Created by @nathanedwards

at November 1st 2023, 10:58:24 am.

AP_Calculus_AB-Questions

#exponential-decay

#radioactive-substance

#decay-constant

Question:

A radioactive substance decays exponentially over time. The initial amount of the substance is 500 grams, and after 4 hours, there are only 300 grams left.

a) Find the decay constant, k, for this substance.

b) Write an equation representing the amount of the substance remaining, A(t), as a function of time t.

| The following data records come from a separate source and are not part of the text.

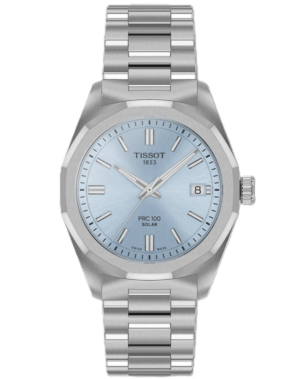 TISSOT PRC 100 Solar Quartz 34MM Ice Blue Dial Women’s Watch T151.822.11.351.00 / T1518221135100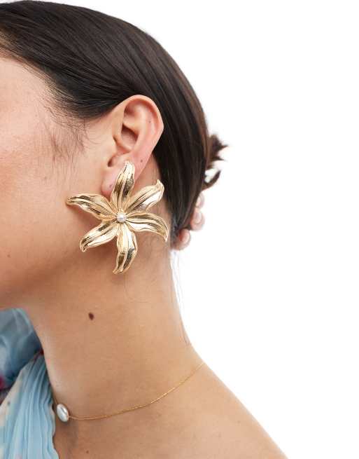 Pendientes de botón en tono dorado pulido extragrandes con diseño de flor y detalle de perla sintética de ASOS DESIGN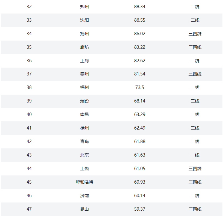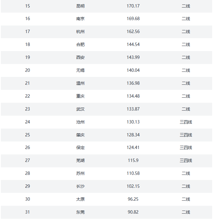 ②.二线城市:常州、成都、大连、东莞、佛山、福州、贵阳、海口、杭州、合肥、惠州、济南、嘉兴、金华、昆明、兰州、南昌、南京、南宁、南通、宁波、青岛、厦门、沈阳、石家庄、苏州、太原、天津、温州、无锡、武汉、西安、徐州、烟台、长春、长沙、郑州、中山、重庆、珠海(40)个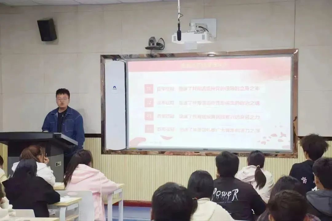 我院团委书记任争峰老师、副书记赵朋波老师面向团干部、团员代表、入团积极分子,分别以《百年青年运动史》《弘扬延安精神 传承红色基因》为主题,用团员青年听得懂、易接受的语言和方式宣传党的最新理论成果、党的青年运动史、新时代党和国家事业取得的历史性成就和发生的历史性变革、红色基因传承等内容。
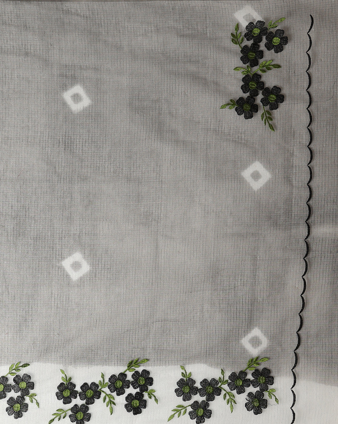Celebrate tradition with our Handcrafted Embroidery Bandhej Kota Doria Saree. Meticulously embroidered with delicate bandhej motifs on lightweight Kota Doria fabric, each saree exudes grace and sophistication, perfect for special occasions.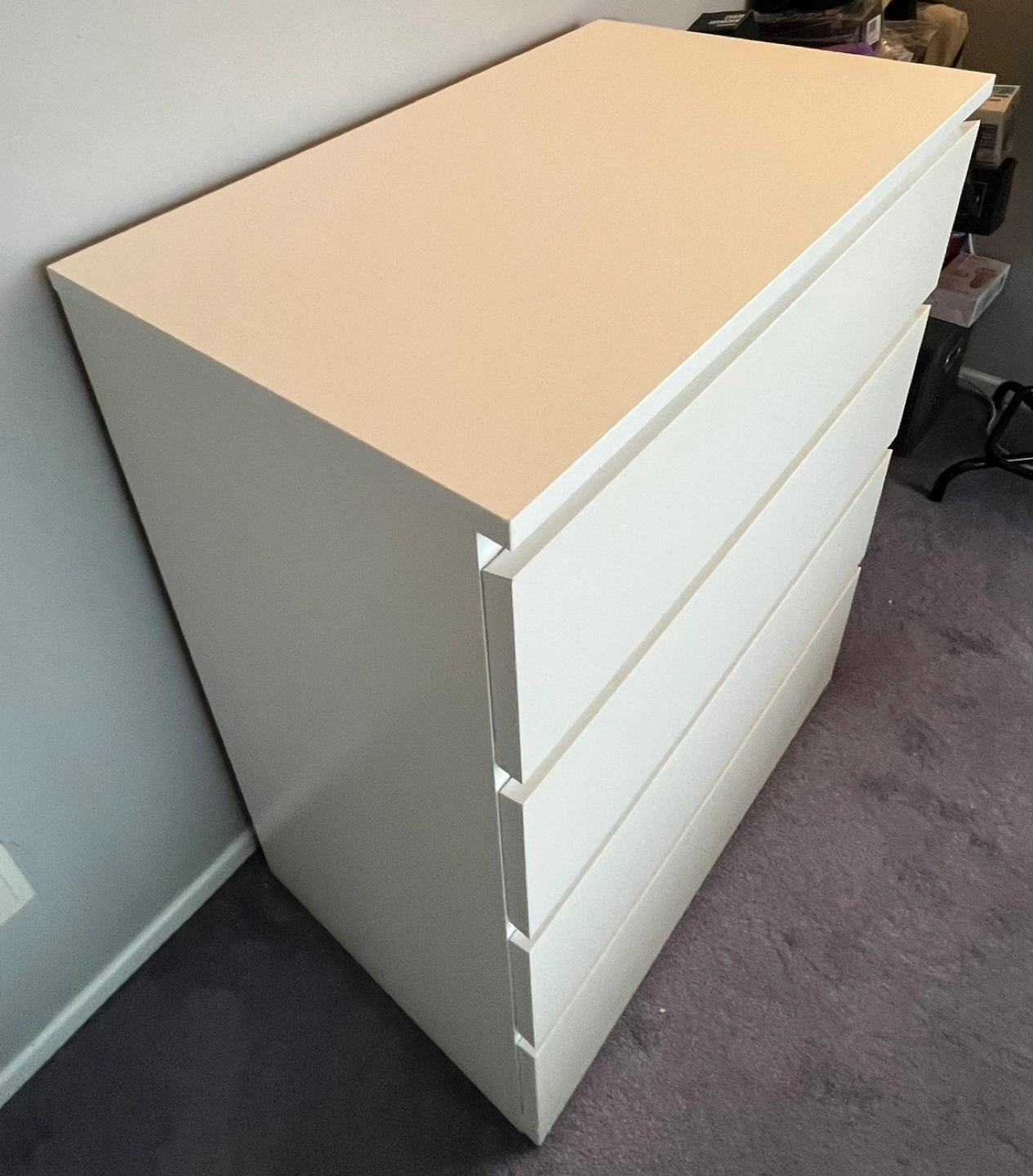 White four-drawer dresser. Excellent storage solution. Assembled and ready to use. Simple design, great for bedroom or other space.

c) Determine how much of the substance will remain after 10 hours.

Answer:

a) To find the decay constant, k, we can use the formula for exponential decay:

A(t) = A_0 \cdot e^{-kt}

Where:

A(t) is the amount of the substance remaining at time t
A₀ is the initial amount of the substance
k is the decay constant
e is Euler's number (approximately 2.71828)

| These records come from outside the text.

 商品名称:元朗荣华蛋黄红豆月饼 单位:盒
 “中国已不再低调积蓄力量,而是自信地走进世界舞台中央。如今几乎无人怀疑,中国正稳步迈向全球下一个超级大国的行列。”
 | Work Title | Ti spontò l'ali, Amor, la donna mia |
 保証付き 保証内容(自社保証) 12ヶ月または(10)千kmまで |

We are given that A₀ = 500 grams and A(4) = 300 grams. Substituting these values into the equation, we have:

300 = 500 \cdot e^{-k \cdot 4}

To solve for k, we can divide both sides of the equation by 500 and take the natural logarithm of both sides:

\ln(0.6) = -4k

Dividing both sides of the equation by -4, we get:

k \approx \frac{\ln(0.6)}{-4}

Using a calculator, we find that k ≈ 0.1155 (rounded to four decimal places).

b) Now that we have the decay constant k, we can write the equation representing the amount of the substance remaining, A(t), as a function of time t:

A(t) = 500 \cdot e^{-0.1155t}

c) To determine how much of the substance will remain after 10 hours, we can substitute t = 10 into the equation we obtained in part b):

A(10) = 500 \cdot e^{-0.1155 \cdot 10}

Using a calculator, we find that A(10) ≈ 199.52 grams (rounded to two decimal places).

Therefore, after 10 hours, approximately 199.52 grams of the substance will remain.